Single nucleotide polymorphisms were identified using the Stacks ref_map.pl pipeline.
# calculate SNPs from mapped reads
# -T: number of threads
# -m: minimum coverage for each stack
# -B: database name
# -b: batch ID
# -a: batch run date
# -D: batch description
# -S: disable recording SQL data in database
# -O: population map
$HOME/bin/ref_map.pl -T 24 -m 10 \
-B begendiv_rabbit_radtags -b 1 -a 2016-01-11 -D "78 samples reference-aligned using BWA MEM" \
-S \
-O ./popmap.txt \
-X "populations:--vcf" \
-X "populations:--plink" \
-X "populations:--structure" \
-o ./stacks \
-s ./stacks/bam/pt1954.s.f.bam \
# [77 more samples...]
283602 SNPs were be identified across 78 individuals.
Tests for association with survival of RHD were carried out using PLINK. SNPs were required to be located on autosomes and to be genotyped in at least 50% of samples.
# create phenotype file
awk -v "OFS=\t" '!/^#/{print $1,$2,$1}' batch_1.plink.ped > pheno.txt
# create a list of loci on X chromosome (will be blacklisted in later steps)
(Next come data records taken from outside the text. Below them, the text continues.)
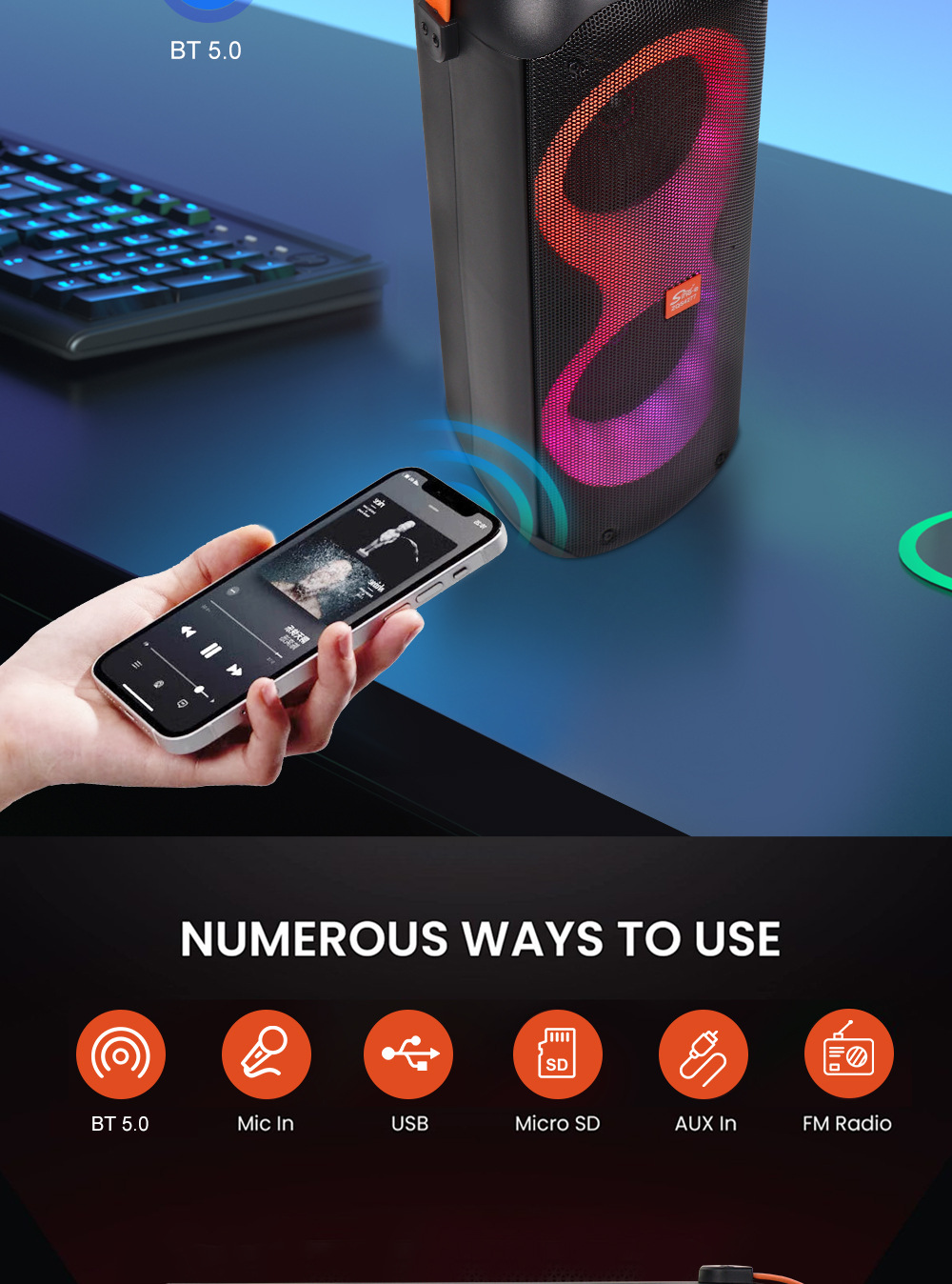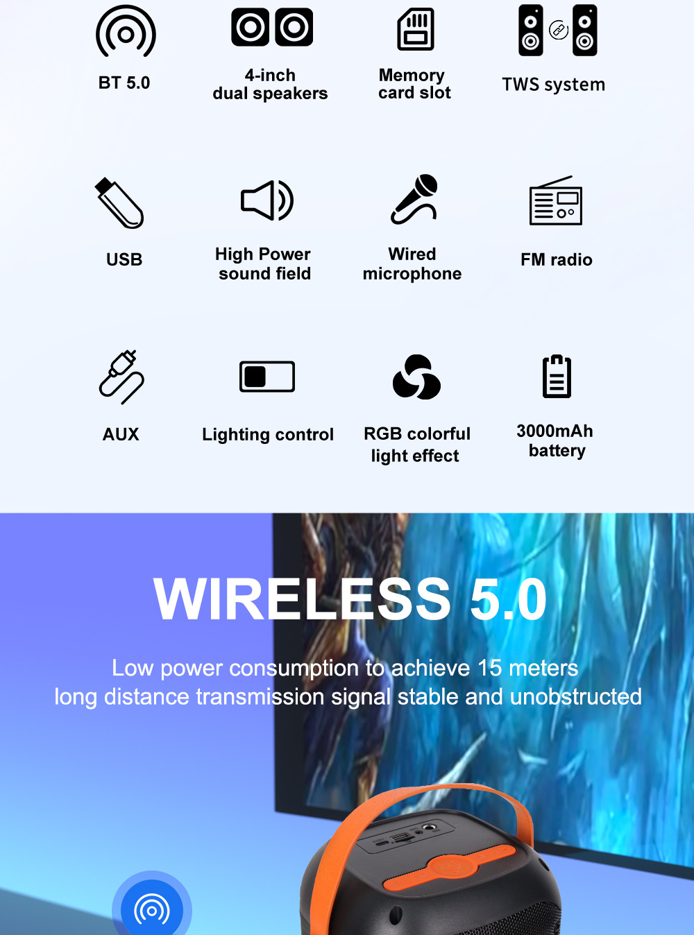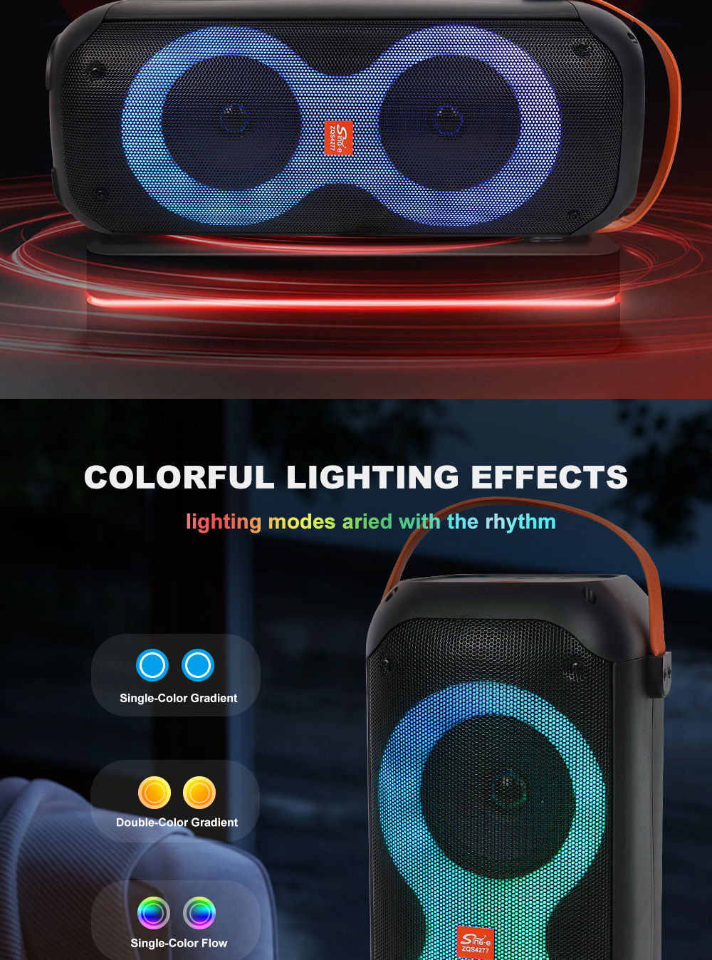 +对箱功能、按键音量、带锂电保护.+带幻彩灯、幻彩灯受灯键控制、
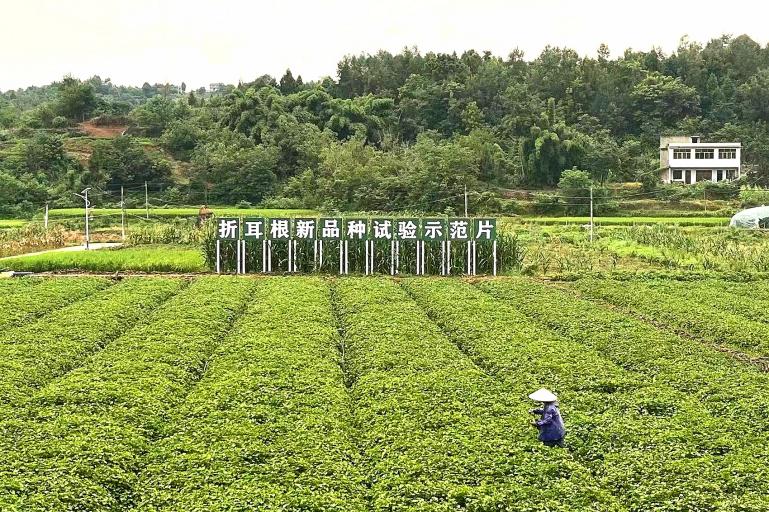 當前正值初秋,在江油市青蓮鎮(zhèn)蘇溪村的田野上,成片的折耳根進入生長旺盛期,好似一幅綠色地毯在田間地頭延伸開來。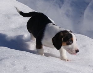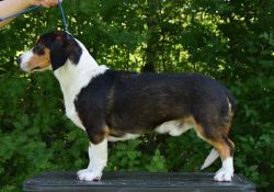 Kolmivärinen, 33 cm. Mittasuhteiltaan erinomainen. Kapea pää. Hyvät korvat. Kuiva kaula. Tiivis ylälinja. Kokonaisuuteen sopiva raajaluusto. Hyvät kulmaukset. Hyvä karvapeite. Oikea liike. Miellyttävä luonne.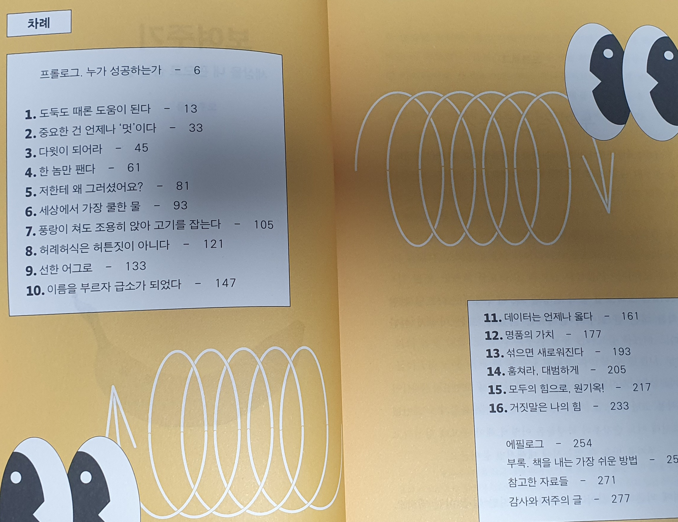 여기에 나왔던 다양한 방법을 일상생활에서 적용할 수 있으면 조금 더 운이 좋은 확률이 높은 성공적인 인생을 살 수 있습니다. 어쩌면 처세술이라고 도 할 수 있는 실생활에서 써먹을 수 있는 방법들이 많아서 좋았습니다.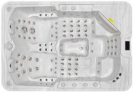 Вы можете приятно удивить своих друзей, предложив компании из 8-и человек комфортно разместиться в гидромассажном бассейне American Whirlpool 982, размером 3,4 х 2,3 м. В том, что прочная акриловая чаша этого устройства выдержит их и 2,7 тонн воды можете не сомневаться, ведь ее конструкция усилена фибергласом и поддерживается прочным стальным каркасом.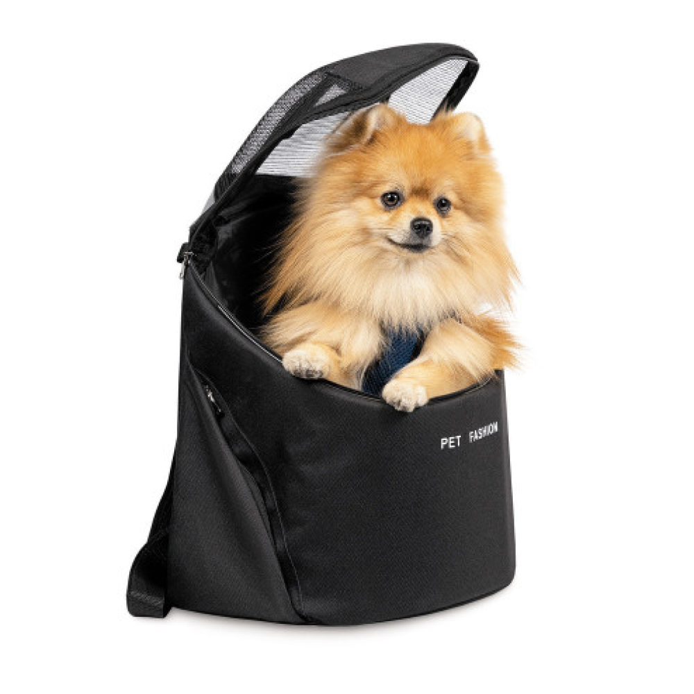 Рюкзак добре тримає форму завдяки ізолону і твердому дну, яке виймається. Цупка сумочна тканина легко чиститься і має привабливий вигляд, а віконечко з сітки дозволяю улюбленцю тримати ситуацію під контролем, дихати свіжим повітрям. Попіклувалися ми і про комфорт господаря: лямки м’які та широкі, їх можна регулювати, кишенька для дрібниць дуже зручна та містка. Також є пояс із застібкою для кращої фіксації рюкзака на спині і ручка-петля для руки.

awk '$1=="X"{print $2}' batch_1.plink.map > snps_chrX.txt
# calculate association scores for SNPs
# --geno 0.5: filter out SNPs with >50% of individuals having a missing genotype
# --exclude snps_chrX.txt: filter out all SNPs on X chromosome
# --fisher: perform association test using Fisher's exact test
# --model: tests for association using all available models
plink --noweb --file batch_1.plink --missing-genotype 0 \
--pheno pheno.txt \
--geno 0.5 --exclude snps_chrX.txt \
--fisher --model
154546 SNPs with association scores remain, of which p-values from Fisher exact tests under the genotypic model ("GENO") were further analyzed.
SNPs were assigned to genes annotated on the OryCun2.0 assembly using the R package LDsnpR. Please refer to script snps2genes.R for details.
9219 SNPs were assigned to at least one gene, 14962 genes had at least one SNP assigned. Output can be found in results/genes_scores_snps.40k.csv (raw) and results/genes_scores_snps.40k.xls (with additional meta info).